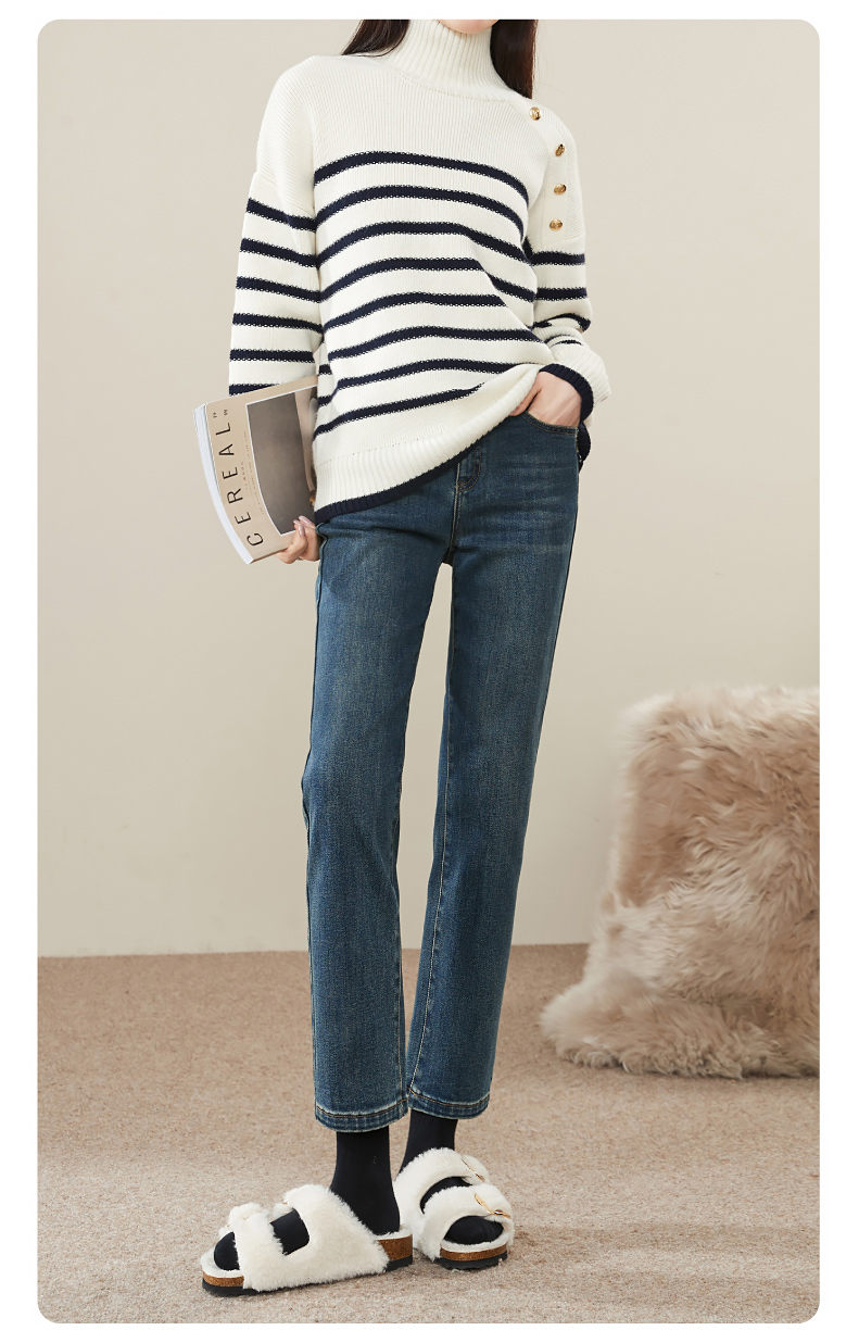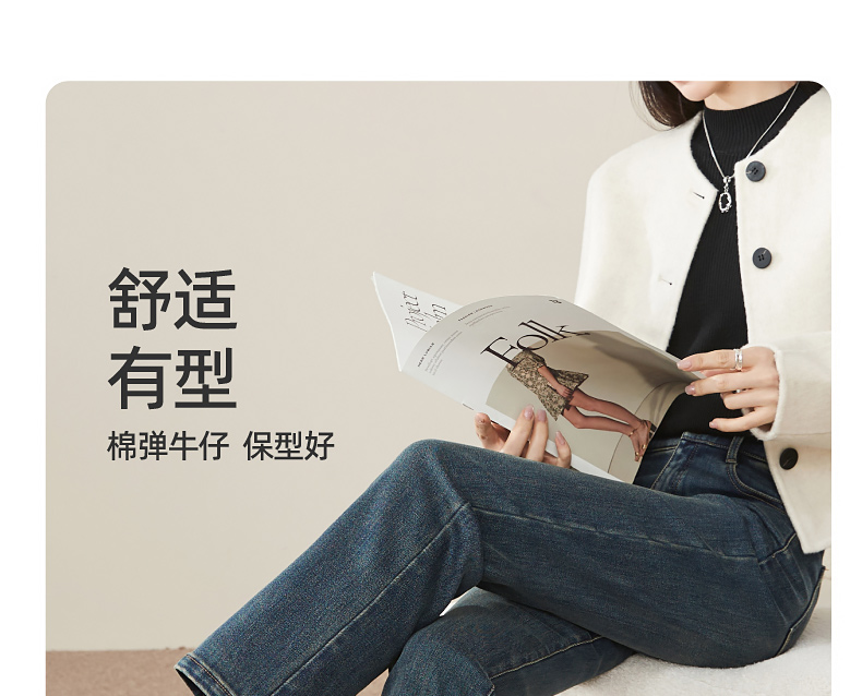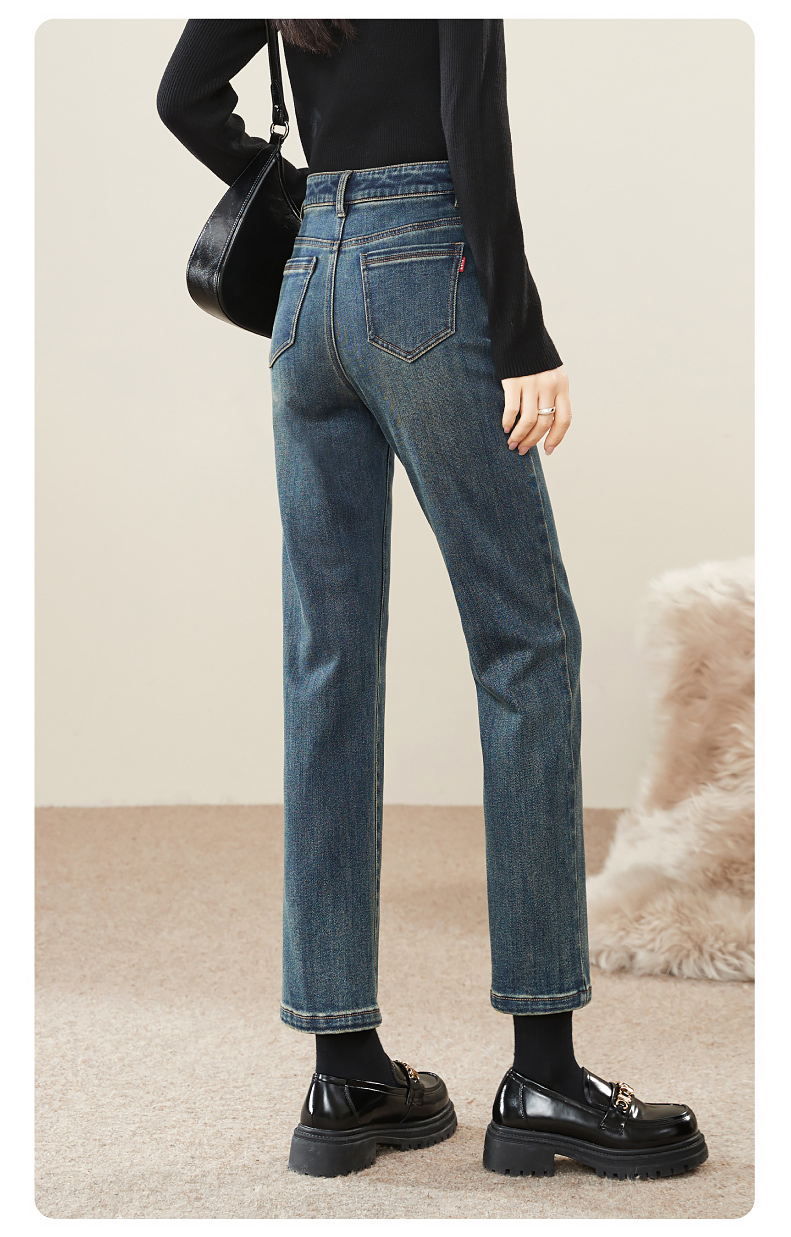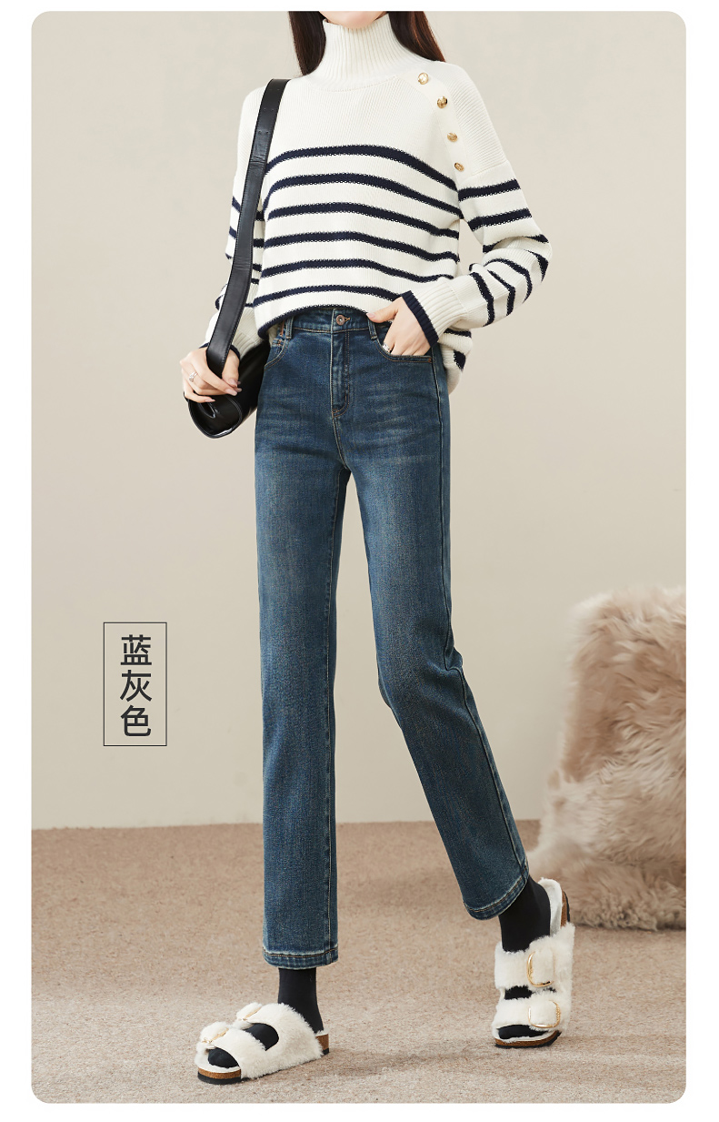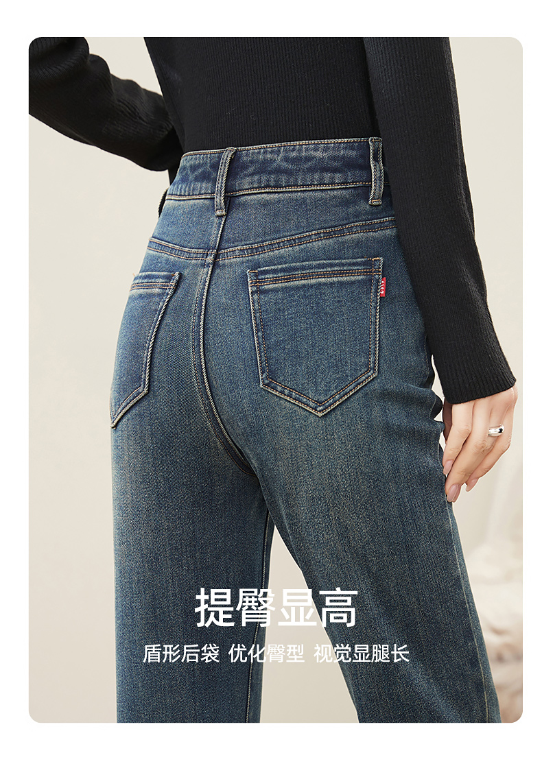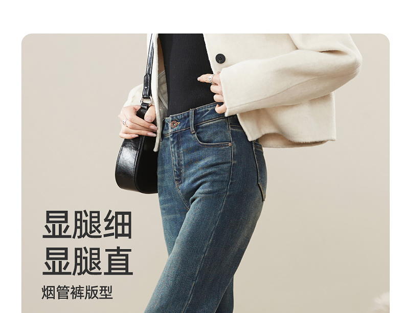 【Q暖绒-烟管-牛仔裤】逸阳冬新品加绒保暖显瘦小直筒牛仔裤1375R
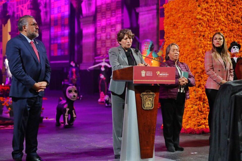TOLUCA, Estado de México.- Conjuntando el misticismo y la magia que representa la conmemoración del Día de los Muertos, la Gobernadora Delfina Gómez Álvarez inauguró la Ofrenda Monumental alusiva a esta festividad en el Patio Central de Palacio de Gobierno.
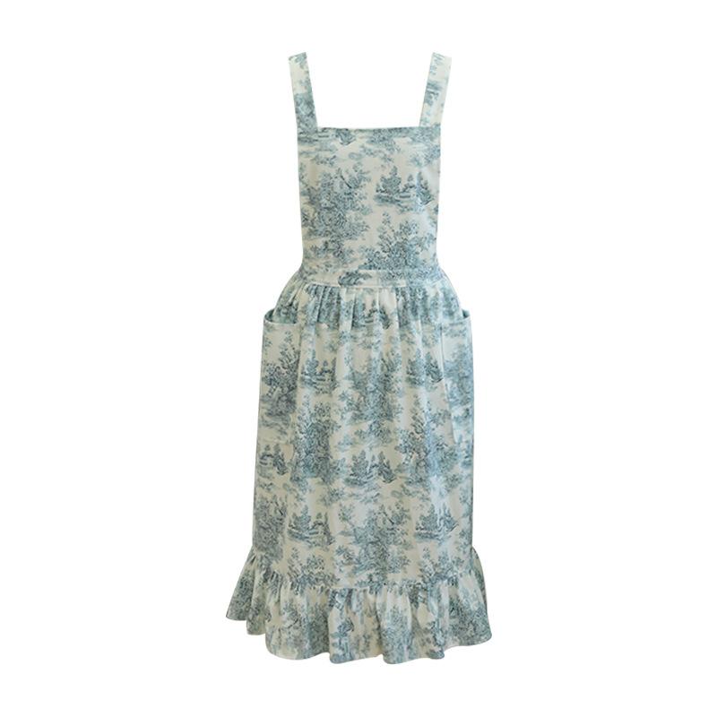 レトロ イン 高級 水墨 画 婦人用 生地 家庭用 キッチン 防汚 フリルスカート 風 サスペンダー エプロン
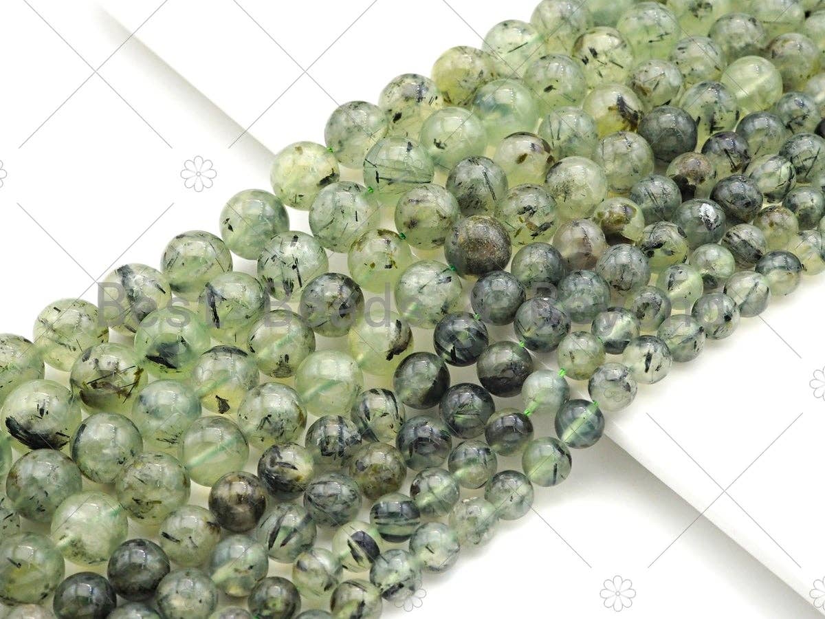 Le diamètre moyen des perles est d'environ 11 mm. Ces fils sélectionnés contiennent une grande variété de pierres précieuses, du quartz rutile à l'améthyste. Les tons bleu-vert et chauds occupent une place prépondérante sur les mèches, avec quelques légères variations de forme et de taille évidentes.

Prompt: Give back only the lines from the one that carries "レトロ イン 高級 水墨" through the final line above, both included. Drop all pictures.

Exercise result:
 レトロ イン 高級 水墨 画 婦人用 生地 家庭用 キッチン 防汚 フリルスカート 風 サスペンダー エプロン
 Le diamètre moyen des perles est d'environ 11 mm. Ces fils sélectionnés contiennent une grande variété de pierres précieuses, du quartz rutile à l'améthyste. Les tons bleu-vert et chauds occupent une place prépondérante sur les mèches, avec quelques légères variations de forme et de taille évidentes.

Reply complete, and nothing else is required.